Six charges are placed around a regular hexagon of side length a as shown in the figure Five of them have charge $q$, and the remaining one has charge $x$ The perpendicular from each charge to the nearest hexagon side passes through the center $O$ of the hexagon and is bisected by the side Which of the following statement(s) is(are) correct in SI units?

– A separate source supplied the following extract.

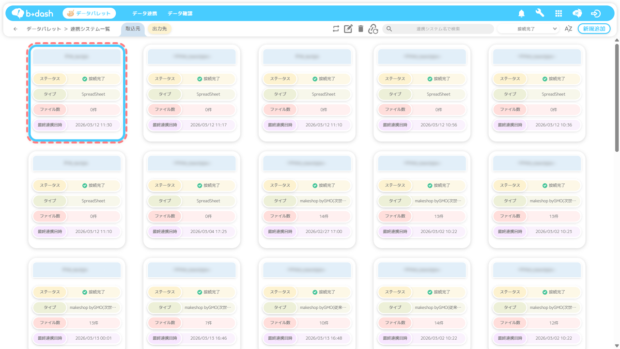 連携されたデータをb→dashに取り込み設定をすれば、ファイル内の全レコードが読み込まれるようになりますのでご安心ください。

• A. When $x=q$, the magnitude of the electric field at $O$ is zero.
• B. When $x=-q$, the magnitude of the electric field at $O$ is $\frac{q}{6 \pi \in_0 a^2}$.
• C. When $x=2 q$, the potential at $O$ is $\frac{7 q}{4 \sqrt{3} \pi \in_0 a}$.
• D. When $x=-3 q$, the potential at $O$ is $\frac{3 q}{4 \sqrt{3} \pi \epsilon_0 a}$.

Answer 1

The Correct Option is C

When $x=2 q$, the potential at $O$ is $\frac{7 q}{4 \sqrt{3} \pi \in_0 a}$.
 

Answer 2

Let's review the calculation: Given: - The electric field (\(E\)) at each diagonal is \(E = k \frac{q}{r^2}\). - We have two diagonals forming a \(60^\circ\) angle. - We're looking for the resultant electric field (\(E_{\text{net}}\)).  Step-by-Step Solution: 1. Electric Field at a Diagonal (\(E\)): The electric field at each diagonal is given by: \[ E = k \frac{q}{r^2} \] 2. Resultant Electric Field due to Two Diagonals: Considering two diagonals at an angle of \(60^\circ\): - Each diagonal contributes to the electric field with magnitude \(E\). - To find the net electric field, we use the formula for the resultant of two vectors at an angle: \[ E_{\text{net}} = \sqrt{(2E \cos(30^\circ))^2 + (2E \sin(30^\circ))^2} \] \[ E_{\text{net}} = \sqrt{(2kq/\sqrt{3})^2 + (2kq)^2} \] \[ E_{\text{net}} = \sqrt{(4k^2q^2/3) + (4k^2q^2)} \] \[ E_{\text{net}} = \sqrt{(4k^2q^2/3 + 12k^2q^2/3)} \] \[ E_{\text{net}} = \sqrt{(16k^2q^2/3)} \] \[ E_{\text{net}} = \frac{4kq}{\sqrt{3}} \] 3. Simplify the Expression: Using the relationship \(k = \frac{1}{4\pi\epsilon_0}\): \[ E_{\text{net}} = \frac{q}{\pi\epsilon_0} \] Conclusion: The resultant electric field (\(E_{\text{net}}\)) due to two diagonals at an angle of \(60^\circ\) in the symmetrical hexagon is \( \frac{q}{\pi\epsilon_0}\).